__Problem requirements__.
Copy each line of the listing that includes "culturelle".

☆ ☆ ☆

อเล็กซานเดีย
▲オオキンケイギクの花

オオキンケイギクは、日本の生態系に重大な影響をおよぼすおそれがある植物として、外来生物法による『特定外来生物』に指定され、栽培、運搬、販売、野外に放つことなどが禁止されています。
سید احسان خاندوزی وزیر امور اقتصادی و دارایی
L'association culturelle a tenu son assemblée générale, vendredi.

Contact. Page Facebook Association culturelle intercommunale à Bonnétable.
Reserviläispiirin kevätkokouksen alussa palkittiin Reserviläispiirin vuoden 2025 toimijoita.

☆ ☆ ☆

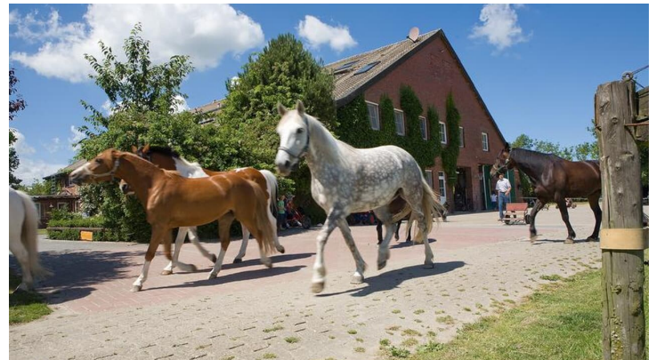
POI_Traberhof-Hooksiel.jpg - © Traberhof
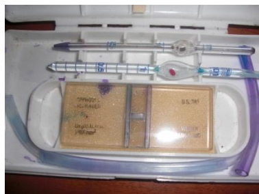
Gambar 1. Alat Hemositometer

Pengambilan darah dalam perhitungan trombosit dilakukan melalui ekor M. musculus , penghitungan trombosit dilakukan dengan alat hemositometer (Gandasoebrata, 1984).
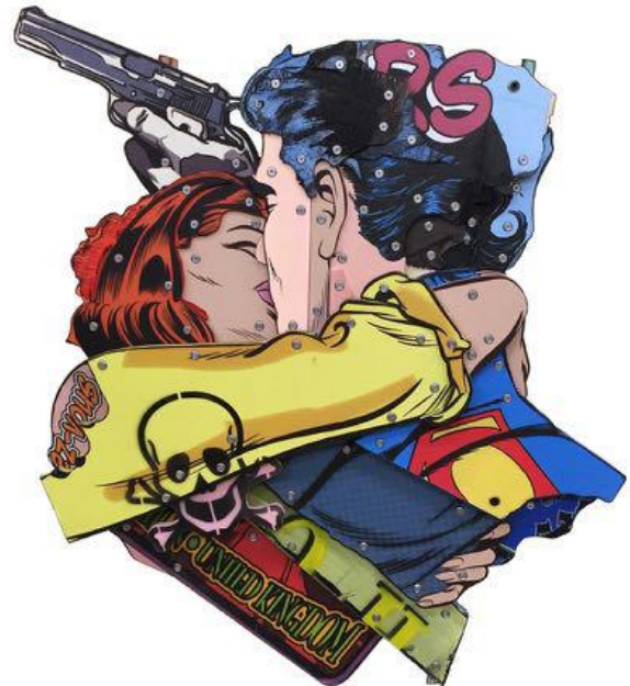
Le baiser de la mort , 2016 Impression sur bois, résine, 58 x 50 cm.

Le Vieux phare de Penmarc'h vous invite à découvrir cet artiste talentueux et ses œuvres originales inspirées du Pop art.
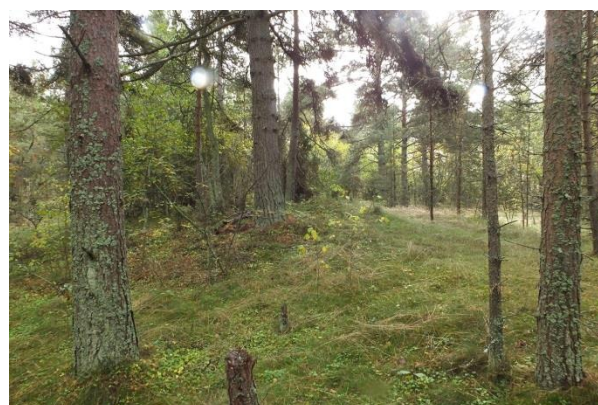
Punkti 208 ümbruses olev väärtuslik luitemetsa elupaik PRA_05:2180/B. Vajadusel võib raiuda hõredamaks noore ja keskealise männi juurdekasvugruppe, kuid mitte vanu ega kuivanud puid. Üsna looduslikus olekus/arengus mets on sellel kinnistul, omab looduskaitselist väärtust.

☆ ☆ ☆

__Response to this task__.
L'association culturelle a tenu son assemblée générale, vendredi.
Contact. Page Facebook Association culturelle intercommunale à Bonnétable.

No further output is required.